A 1966 adventure thriller starring Cornel Wilde. Set in colonial Africa, Wilde plays a hunting guide known only as the Man who is kidnapped along with his Great White Hunter clients and Token Black fellow guide by a local African tribe. After everyone else is killed in horrific ways, the Man is set loose from the village to be hunted and killed for the tribe's hunters' amusement. However, his craftiness and deadliness are more than they're expecting...An artifact of a pre-political correct era with some very dated views of Africa, the film nonetheless features some stunning photography and even a few positive messages about interracial harmony. Also of note is that the main character hardly talks and the African dialogue is untranslated, giving the film a very primal focus on the horrific nature of the hunt as opposed to dialogue.Mel Gibson's Apocalypto has more than a few plot similarities.

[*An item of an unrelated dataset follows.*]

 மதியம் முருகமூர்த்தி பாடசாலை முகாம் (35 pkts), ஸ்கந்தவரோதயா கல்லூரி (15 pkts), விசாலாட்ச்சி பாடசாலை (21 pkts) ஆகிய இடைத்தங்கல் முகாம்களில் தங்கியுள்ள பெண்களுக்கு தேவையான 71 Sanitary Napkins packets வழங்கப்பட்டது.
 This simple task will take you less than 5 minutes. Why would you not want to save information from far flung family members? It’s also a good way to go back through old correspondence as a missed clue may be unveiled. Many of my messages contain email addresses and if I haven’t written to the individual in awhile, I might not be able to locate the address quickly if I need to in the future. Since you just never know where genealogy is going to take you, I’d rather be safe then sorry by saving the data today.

- Hunting the Most Dangerous Game: Played with. It's clear that the tribesmen don't seriously consider The Man to be a worthy game at first and instead just want to kill him on the run for the fun of it. When he in turn kills some of the hunters, they begin seriously pursuing him, but out of a desire for revenge, not for a trophy.

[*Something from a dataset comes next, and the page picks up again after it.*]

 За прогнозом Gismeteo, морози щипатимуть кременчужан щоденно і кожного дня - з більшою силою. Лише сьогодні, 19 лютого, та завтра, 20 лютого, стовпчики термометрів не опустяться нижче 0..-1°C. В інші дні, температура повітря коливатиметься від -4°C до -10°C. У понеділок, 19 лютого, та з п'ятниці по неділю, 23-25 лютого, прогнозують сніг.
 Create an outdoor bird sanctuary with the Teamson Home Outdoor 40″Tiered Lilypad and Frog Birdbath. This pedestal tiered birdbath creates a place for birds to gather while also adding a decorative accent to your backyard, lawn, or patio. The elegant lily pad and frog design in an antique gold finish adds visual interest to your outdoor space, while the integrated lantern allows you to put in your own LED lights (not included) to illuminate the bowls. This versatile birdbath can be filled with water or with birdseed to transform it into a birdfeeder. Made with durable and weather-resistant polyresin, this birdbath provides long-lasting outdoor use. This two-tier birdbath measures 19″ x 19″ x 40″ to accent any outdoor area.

- Mighty Whitey: Wilde's character qualifies, but not in a too obnoxious way. He has clearly been a wilderness guide in the region for a while so his skills in surviving are not completely unrealistic.

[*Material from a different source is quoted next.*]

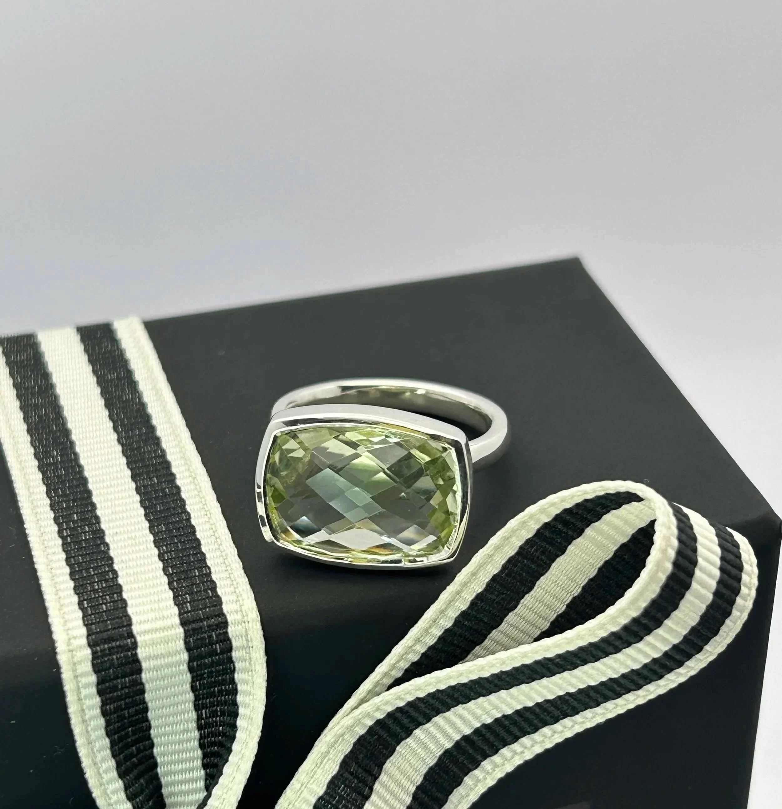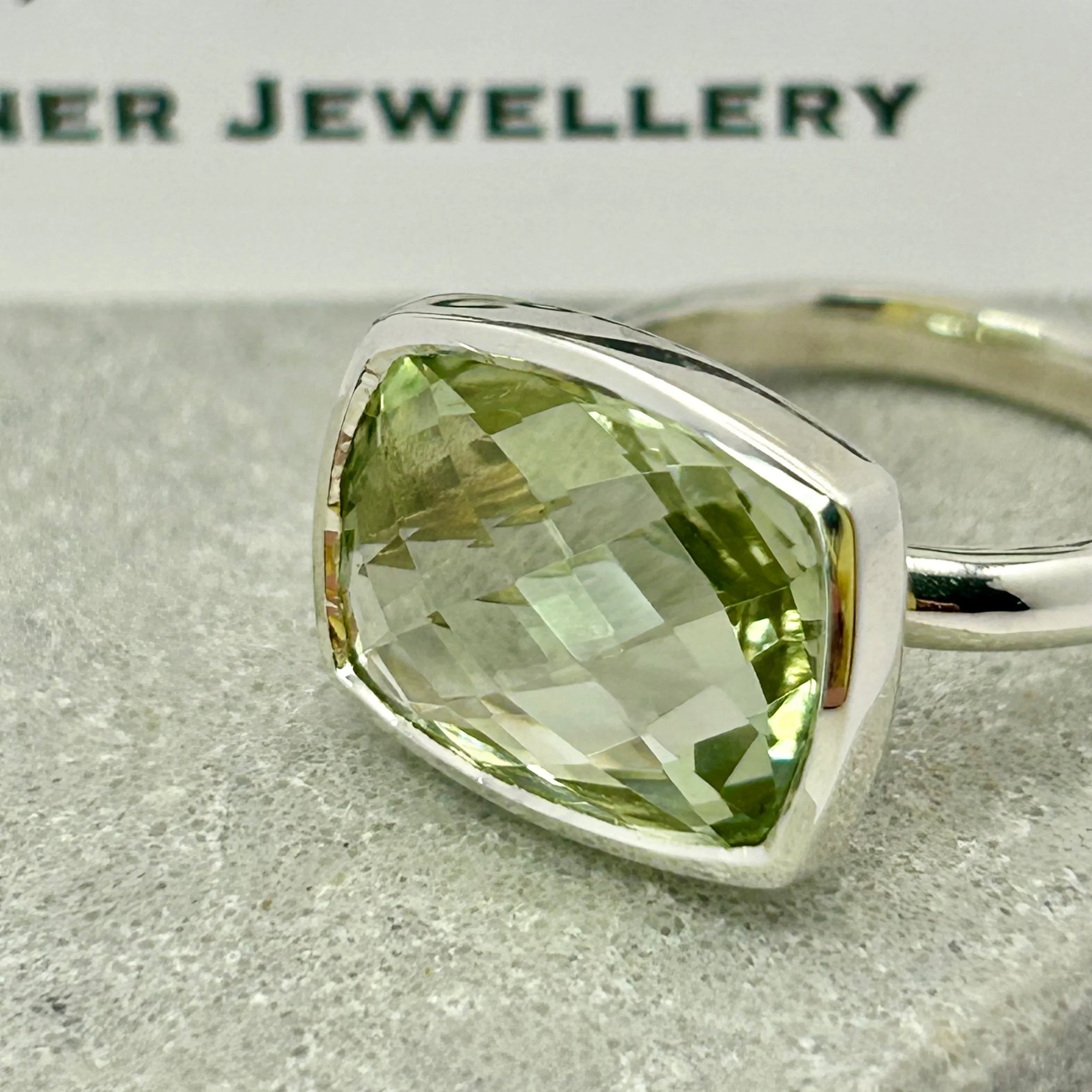 Signature Collection - a unique piece of Jewellery. Stunning lime citrine chequerboard cut gemstone (8.85 ct) in a sterling silver ring utilising our signature setting. Hallmarked and in size ‘P’ (This ring can be sized to ‘O’ or ‘Q’ please contact us if required).

- Enforced Method Acting: Wilde contracted dysentery during filming, but decided to keep filming through it as it would add to his fatigued performance.
- Determinator: The Man definitely counts. He refuses to lie down and die.
- Likewise, the hunters continue to pursue him, days and days away from their village like they're the human versions of a Super-Persistent Predator.
- Stern Chase: Pretty much the entire movie.
- Very Loosely Based on a True Story: Supposed based on an incident that occurred to John Colter, a member of the Lewis and Clark expedition. He was pursued by Blackfoot Indians in Wyoming in 1809, killing one and surviving in the wild before making it to a fort at Little Big Horn. Wilde transported the story from the American frontier to Africa and cranked up the body count.
- Worthy Opponent: Although he spends the film in a narrow-minded, rage-filled pursuit of the Man, the leader of the hunters exchanges a brief salute to the Man once he reaches the fort at the end of the movie.